The simplest possible representation is with one word for the type tag, and one word for the value or pointer, according to the tag.

enum Type { INTEGER, REFERENCE };

struct Value {
  Type type;
  union {
    uint64_t as_integer;
    Object *as_reference;
  } data;
};

But we can do better. For example, heap allocations in many systems are aligned to 8-byte boundaries, which means that the bottom 3 bits of any pointer ((uintptr_t)p & 7) are guaranteed to be 0. As such, we can use these bits to store the tag, and thus get unboxed representations of common types with only one word. Here’s one simple such design, for a 32-bit system:

(x & 7) == 0 => (x & ~7) is a pointer
(x & 7) == 1 => (x >> 3) is an integer

(This representation is used by OCaml, a statically typed language, to determine which values are references that need to be traced by the garbage collector.)

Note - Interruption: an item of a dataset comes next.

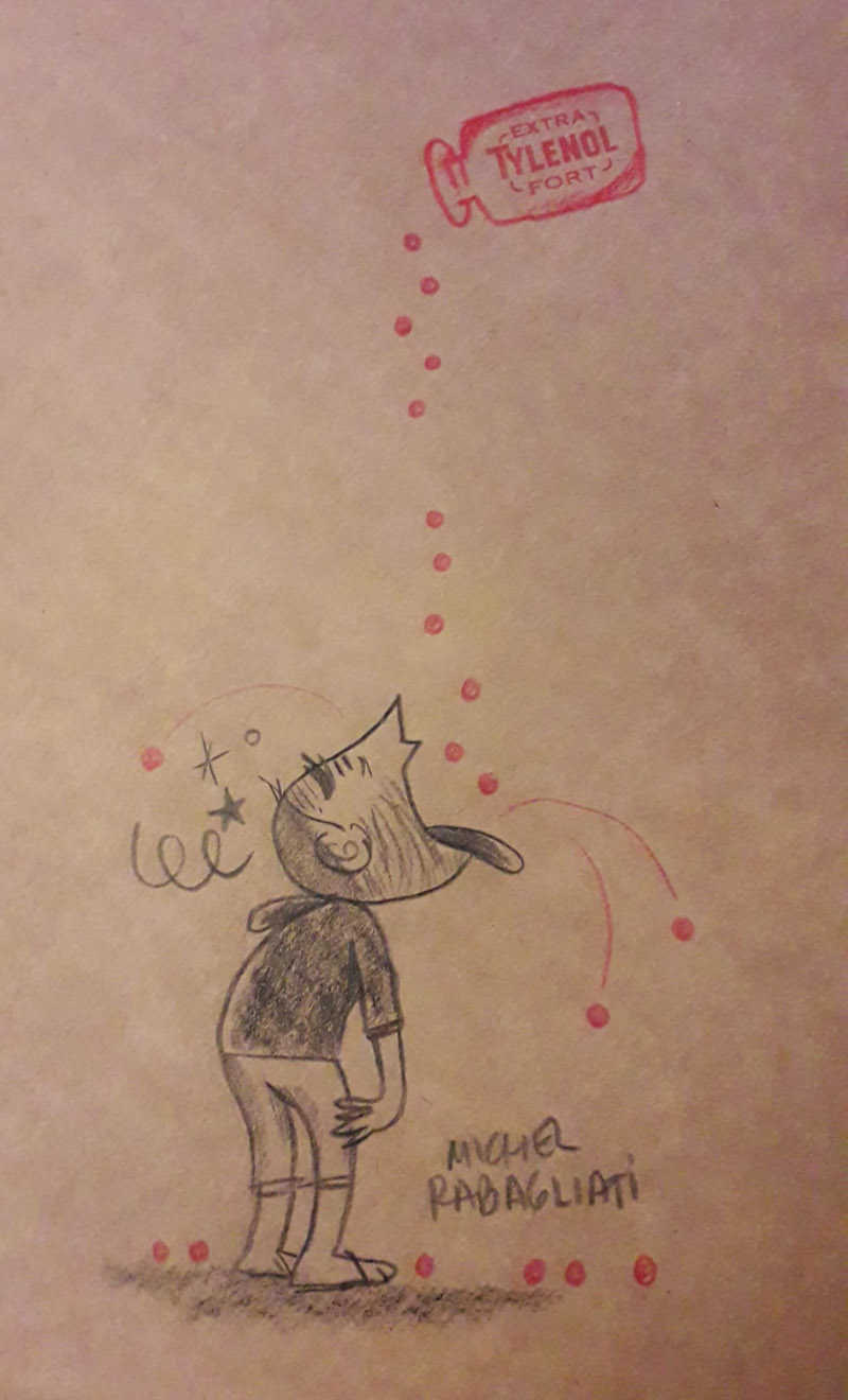 Encore de très belles rencontres cette année, avec notamment Aj Dungo, auteur très attachant de In Waves (Casterman), ainsi qu’Inès Léraud et Pierre Van Hove, les auteurs d’Algues vertes, une enquête édifiante publiée chez Delcourt. Je suis par ailleurs assez dépité d’avoir manqué Michel Rabagliati, l’auteur québécois des aventures de Paul, son double cartoonesque (La Pastèque). Très bêtement, car apparemment, nous étions tous les deux dans la salle de presse de l’Hôtel de ville au même moment. Pour l’attendre, je m’étais même installé sur une table en carton où avait été dessiné un petit crobard très fun par… Rabagliati lui-même, me disant que c’était de bon augure. Eh bien non, ce n’était pas du tout de bon augure, la preuve !! Du coup, j’aurais presque bien embarqué la table en souvenir de ce rendez-vous manqué, mais je ne dois pas être assez fétichiste… Une autre interview fut annulée avec Ludovic Debeurme, qui n’était pas très en forme. Quant à la dernière, avec David B., auteur d’un ouvrage sur André Breton, elle s’est fort logiquement soldée de façon surréaliste, avec la moitié de l’entretien coupée à l’enregistrement… David, recroisé plus tard lors d’une session de dédicace, m’a suggéré d’inventer la partie manquante. Je suis tellement flatté d’inspirer autant la confiance !

We could add up to 6 additional representations to this, for booleans and other common types we might wish to unbox, and a further 8 if we had a memory allocator that guaranteed 16-byte alignment.

In pointer magic for efficient dynamic value representations, Nikita Popov describes a system for embedding integers, booleans, and floating-point numbers in a single 64-bit word by making assumptions about the representation of floats (IEEE-754) and address spaces. A similar representation was used in Mozilla’s JägerMonkey JavaScript engine.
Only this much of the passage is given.